Image walking into the foyer of a house and seeing 5 doors, 3 flights of stairs, and the light switches for the every single room on a wall by the entrance. Way too overwhelming!
Applying this principal to my website, I wanted new users to be able to easily search for homes and get in touch with me. That's what I anticipate what the majority of my users need access to. I also wanted to highlight the current homes that myself and my team have listed. With this in mind, we were able to design a navigation system that provides clear focus.
Not all the content on the old site made the cut. I wanted a site that was easy to update & maintain so any content that didn't meaningfully contribute to my site's goals was left behind
I decided not to keep a few pages that were duplicated from my team's website, like a page listing all of our team's agents. There was also a page that just listed and linked to other websites, websites that were irrelevant to most, if not all, of my users (back in the day, this was a trick to rank higher in the search engines... I'll link to your site if you link to mine).

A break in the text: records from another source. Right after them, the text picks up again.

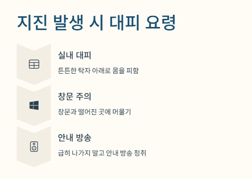 튼튼한 탁자 아래로 몸을 피하고, 창문과 떨어진 곳에서 머물러야 합니다. 건물 밖으로 급히 나가지 말고 안내 방송을 잘 들어야 해요.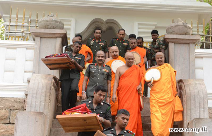 Those flags were afterwards respectfully handed over to the Commander of the Army for placement at the foot of the most sacred Jaya Sri Maha Bodhiya in the upper layer for symbolic blessings after laying flowers.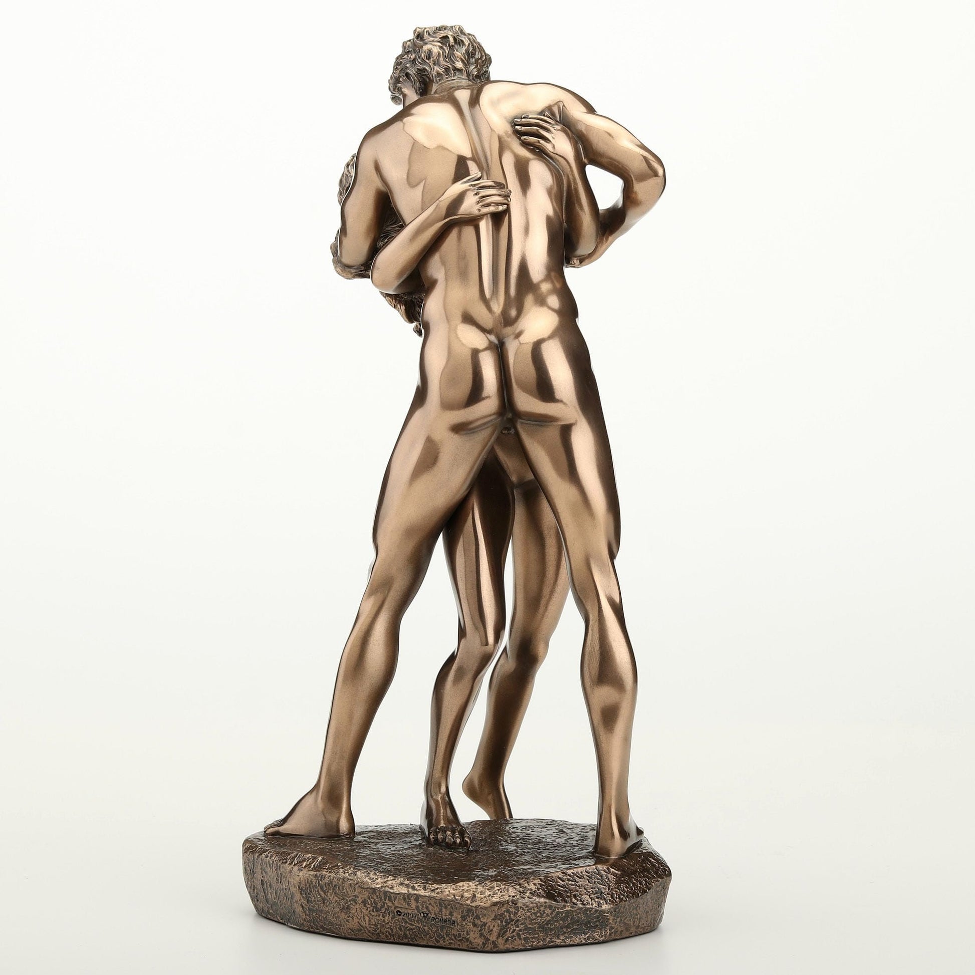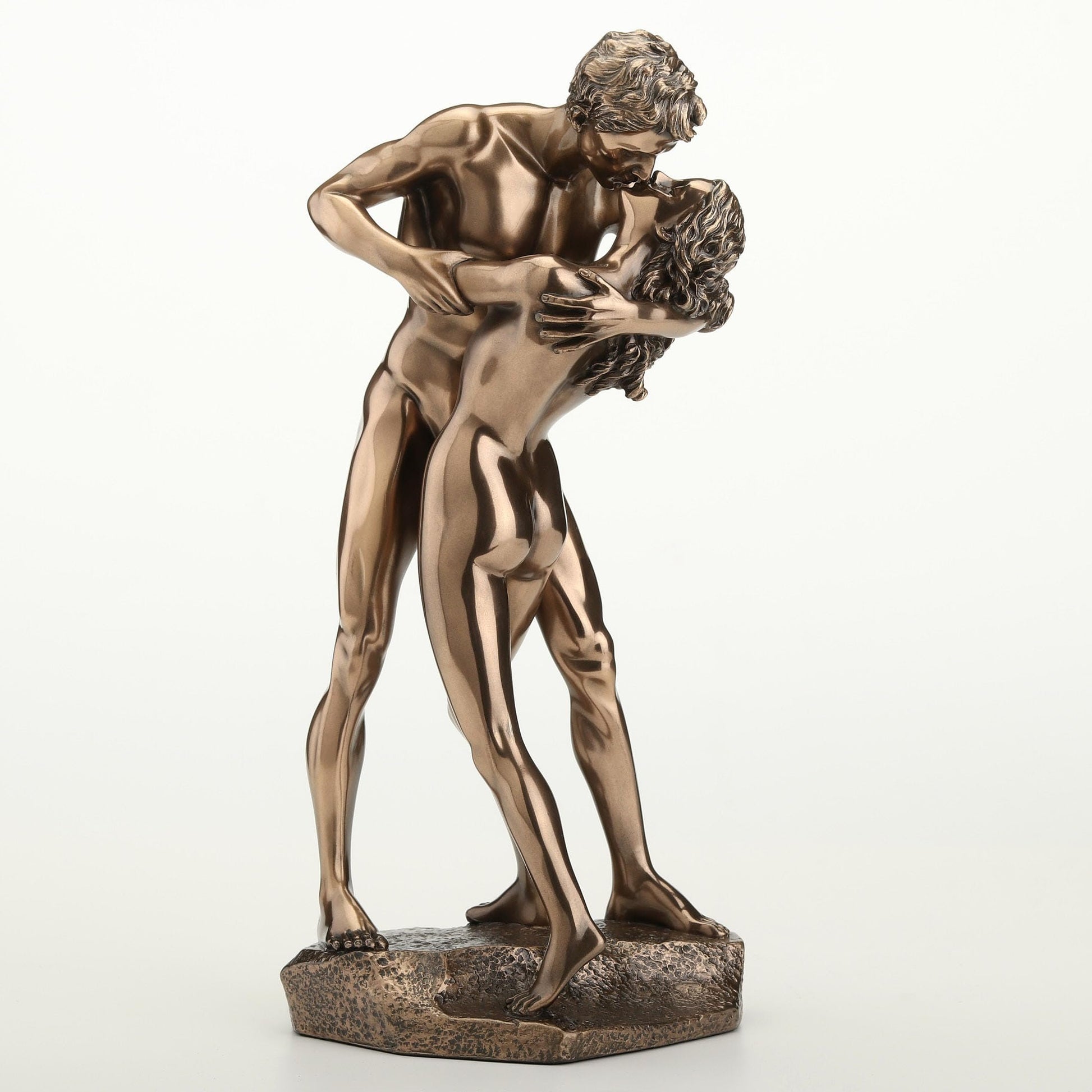 Capturing the intimate and timeless embrace akin to Rodin's iconic "The Kiss," this exquisite sculpture portrays a standing couple locked in a tender kiss, their forms melding into an elegant unity. Crafted with intricate detail, the piece is made of cold cast resin with a bronze finish, lending it a classical and sophisticated appearance. The figures exude a palpable sense of passion and connection, their bodies seamlessly intertwined in a moment of pure love and affection, making it a captivating centerpiece for any space.QUALTIY PRODUCTION: Made with high quality designer resin and cold cast bronze techniqueCOLD CASTING: Cold casting is the technique that mixes resin and bronze to create detailed sculpture with metallic featuresMEASUREMENT: L 5 1/2 * W 4 3/4 * H 11 3/8 InchesGIFTING: Perfect gifting and home decor option for all collectorsPACKAGING: Gift box ready with black felted bottom protection

Some of the content decisions were a bit harder. The neighborhood pages on the old site had listed the names, addresses, and phone numbers of select local businesses, schools, etc. This could be useful to people! However, the information on these pages was outdated. In Philadelphia, schools open and close all the time. Businesses open and close even faster. As a one man show, I wouldn't be able to provide a comprehensive resource for local businesses and keep that information updated. Since there is already of map of nearby schools through on each property listing page, I decided to cut this information from my neighborhood pages.
My advice for purging old content during a redesign, know your users! More content is not quality content, especially if you will have trouble keeping things updated. You might not need to get rid of anything, just use the tips from before to focus your users and play-down any content that isn't pertinent to most.
On the old site, brave souls needed to dive into the HTML to make any changes. New pages would have to be hand coded and every other page would need to be modified to add links. In the age of WordPress, this wasn't going to fly.
Luckily, there are so many options for quality CMSs (Content Management Systems). Actually when I say lucky, I mean very, very discombobulating! One could easily become confused and overwhelmed, which is why most people opt for WordPress - even though it's probably not the best choice.
Matthew, the amazing web developer, already had experience with a relatively new CMS called Craft. Craft doesn't try to dictate which content you should have or how your site should look. The developer has full control and can implement a custom solution for content managers like me. I can now log into my website and easily add current listings, upload pictures, write a blog post, edit a neighborhood page, and much more. No editing code!
The Finish Line
Well, after months of planning, designing, and developing, I'm finally able to share the updated website with you! Like most home improvement projects, this was a learning experience for me and took a little more time than expected but I couldn't be happier with the result! Never stop improving.